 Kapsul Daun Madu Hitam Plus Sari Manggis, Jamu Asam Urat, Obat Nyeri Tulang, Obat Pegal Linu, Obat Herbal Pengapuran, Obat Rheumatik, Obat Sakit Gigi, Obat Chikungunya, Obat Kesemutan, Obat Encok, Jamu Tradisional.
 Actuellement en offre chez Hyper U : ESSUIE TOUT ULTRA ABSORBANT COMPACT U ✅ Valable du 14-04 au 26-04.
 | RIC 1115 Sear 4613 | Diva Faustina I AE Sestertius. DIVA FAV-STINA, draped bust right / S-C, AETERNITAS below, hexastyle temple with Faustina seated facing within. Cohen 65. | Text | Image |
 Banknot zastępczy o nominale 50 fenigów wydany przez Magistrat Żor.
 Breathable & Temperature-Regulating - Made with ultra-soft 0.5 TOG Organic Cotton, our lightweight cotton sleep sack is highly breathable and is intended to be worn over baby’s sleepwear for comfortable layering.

--

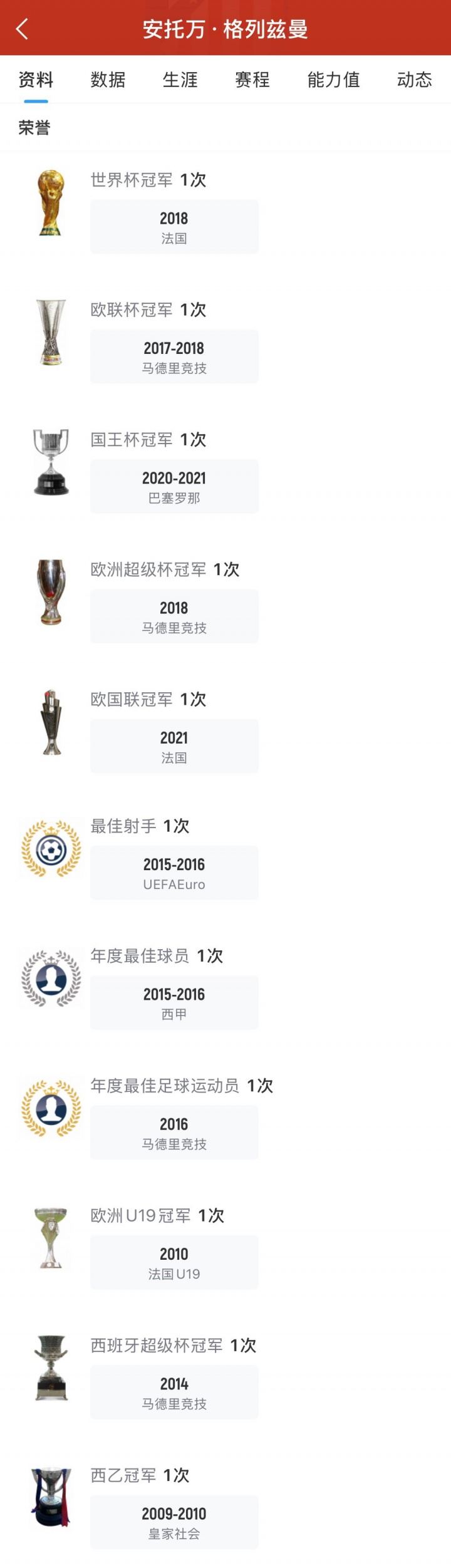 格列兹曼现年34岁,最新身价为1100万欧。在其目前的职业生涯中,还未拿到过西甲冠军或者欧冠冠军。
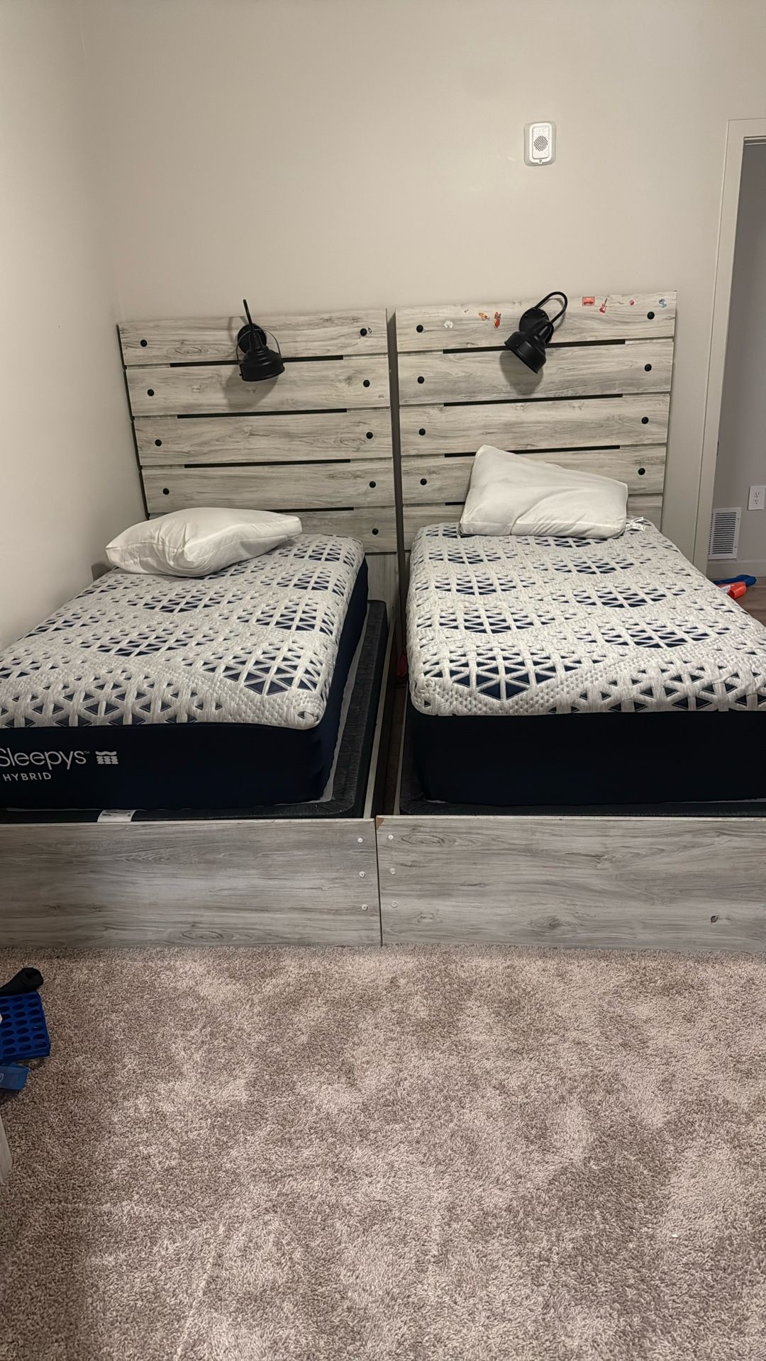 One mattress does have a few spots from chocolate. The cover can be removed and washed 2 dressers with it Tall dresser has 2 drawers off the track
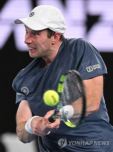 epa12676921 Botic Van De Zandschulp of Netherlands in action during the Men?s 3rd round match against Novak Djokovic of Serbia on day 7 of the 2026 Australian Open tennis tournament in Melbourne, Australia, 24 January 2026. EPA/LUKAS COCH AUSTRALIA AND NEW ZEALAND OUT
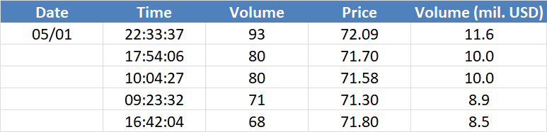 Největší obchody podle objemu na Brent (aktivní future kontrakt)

Try it: Starting at the line above with "格列兹曼现年34岁,最新身价", output every line exactly up to and including the line with "Největší obchody podle", but none of the pictures.

Output below:
 格列兹曼现年34岁,最新身价为1100万欧。在其目前的职业生涯中,还未拿到过西甲冠军或者欧冠冠军。
 One mattress does have a few spots from chocolate. The cover can be removed and washed 2 dressers with it Tall dresser has 2 drawers off the track
 epa12676921 Botic Van De Zandschulp of Netherlands in action during the Men?s 3rd round match against Novak Djokovic of Serbia on day 7 of the 2026 Australian Open tennis tournament in Melbourne, Australia, 24 January 2026. EPA/LUKAS COCH AUSTRALIA AND NEW ZEALAND OUT
 Největší obchody podle objemu na Brent (aktivní future kontrakt)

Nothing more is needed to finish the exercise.